▸ **THE PROBLEM**: Please produce a character-exact copy of the listing that follows, omitting all images.

▸ **AVAILABLE DATA**:

========

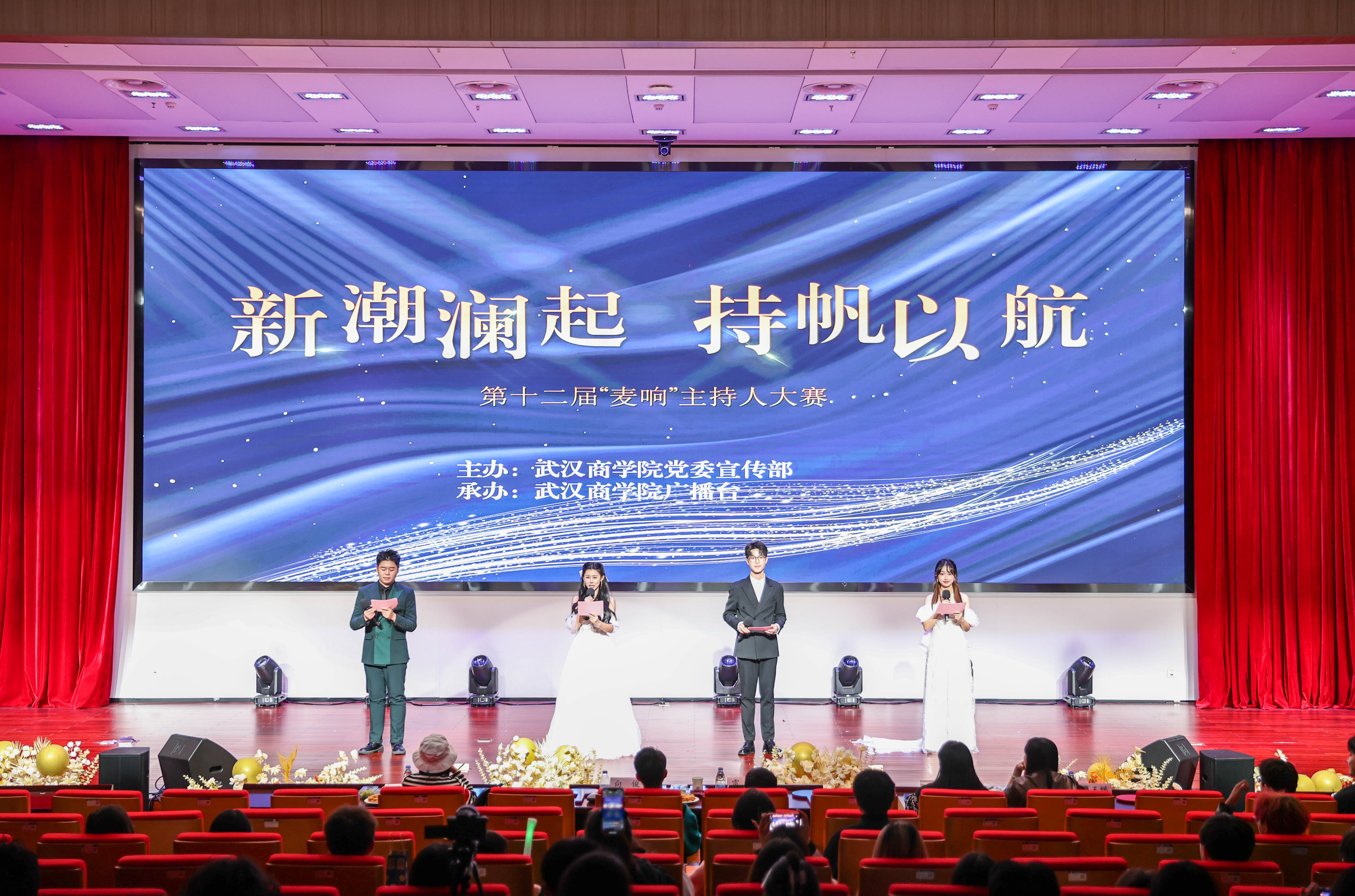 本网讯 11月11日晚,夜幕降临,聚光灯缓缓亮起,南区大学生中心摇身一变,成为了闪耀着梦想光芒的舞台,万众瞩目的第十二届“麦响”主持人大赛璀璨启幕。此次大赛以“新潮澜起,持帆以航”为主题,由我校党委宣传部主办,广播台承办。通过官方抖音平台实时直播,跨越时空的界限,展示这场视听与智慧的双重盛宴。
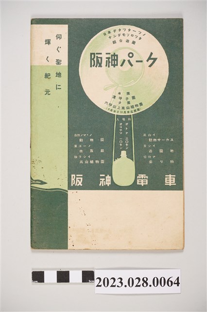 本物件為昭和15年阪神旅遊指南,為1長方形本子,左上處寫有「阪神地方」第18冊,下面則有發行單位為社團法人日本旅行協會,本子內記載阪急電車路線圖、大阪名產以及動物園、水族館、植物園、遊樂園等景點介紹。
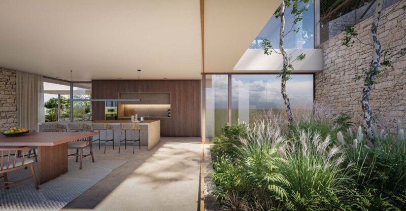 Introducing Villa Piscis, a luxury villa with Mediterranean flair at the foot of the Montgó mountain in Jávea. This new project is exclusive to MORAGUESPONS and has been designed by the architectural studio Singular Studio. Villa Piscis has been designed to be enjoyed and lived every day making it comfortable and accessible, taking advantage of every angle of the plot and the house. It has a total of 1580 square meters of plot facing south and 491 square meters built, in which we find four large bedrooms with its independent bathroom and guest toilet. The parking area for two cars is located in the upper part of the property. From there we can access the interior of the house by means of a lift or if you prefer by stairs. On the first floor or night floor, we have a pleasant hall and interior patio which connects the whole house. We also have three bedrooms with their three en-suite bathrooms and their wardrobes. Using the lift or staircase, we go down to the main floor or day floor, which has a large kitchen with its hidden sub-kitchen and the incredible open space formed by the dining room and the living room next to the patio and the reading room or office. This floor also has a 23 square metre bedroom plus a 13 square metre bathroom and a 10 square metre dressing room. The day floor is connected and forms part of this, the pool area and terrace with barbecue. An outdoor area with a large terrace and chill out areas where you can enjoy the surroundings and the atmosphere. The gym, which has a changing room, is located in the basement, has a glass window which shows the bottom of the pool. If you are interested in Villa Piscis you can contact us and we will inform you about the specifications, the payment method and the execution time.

========

▸ **SOLUTION TO THIS EXERCISE**:
 本网讯 11月11日晚,夜幕降临,聚光灯缓缓亮起,南区大学生中心摇身一变,成为了闪耀着梦想光芒的舞台,万众瞩目的第十二届“麦响”主持人大赛璀璨启幕。此次大赛以“新潮澜起,持帆以航”为主题,由我校党委宣传部主办,广播台承办。通过官方抖音平台实时直播,跨越时空的界限,展示这场视听与智慧的双重盛宴。
 本物件為昭和15年阪神旅遊指南,為1長方形本子,左上處寫有「阪神地方」第18冊,下面則有發行單位為社團法人日本旅行協會,本子內記載阪急電車路線圖、大阪名產以及動物園、水族館、植物園、遊樂園等景點介紹。
 Introducing Villa Piscis, a luxury villa with Mediterranean flair at the foot of the Montgó mountain in Jávea. This new project is exclusive to MORAGUESPONS and has been designed by the architectural studio Singular Studio. Villa Piscis has been designed to be enjoyed and lived every day making it comfortable and accessible, taking advantage of every angle of the plot and the house. It has a total of 1580 square meters of plot facing south and 491 square meters built, in which we find four large bedrooms with its independent bathroom and guest toilet. The parking area for two cars is located in the upper part of the property. From there we can access the interior of the house by means of a lift or if you prefer by stairs. On the first floor or night floor, we have a pleasant hall and interior patio which connects the whole house. We also have three bedrooms with their three en-suite bathrooms and their wardrobes. Using the lift or staircase, we go down to the main floor or day floor, which has a large kitchen with its hidden sub-kitchen and the incredible open space formed by the dining room and the living room next to the patio and the reading room or office. This floor also has a 23 square metre bedroom plus a 13 square metre bathroom and a 10 square metre dressing room. The day floor is connected and forms part of this, the pool area and terrace with barbecue. An outdoor area with a large terrace and chill out areas where you can enjoy the surroundings and the atmosphere. The gym, which has a changing room, is located in the basement, has a glass window which shows the bottom of the pool. If you are interested in Villa Piscis you can contact us and we will inform you about the specifications, the payment method and the execution time.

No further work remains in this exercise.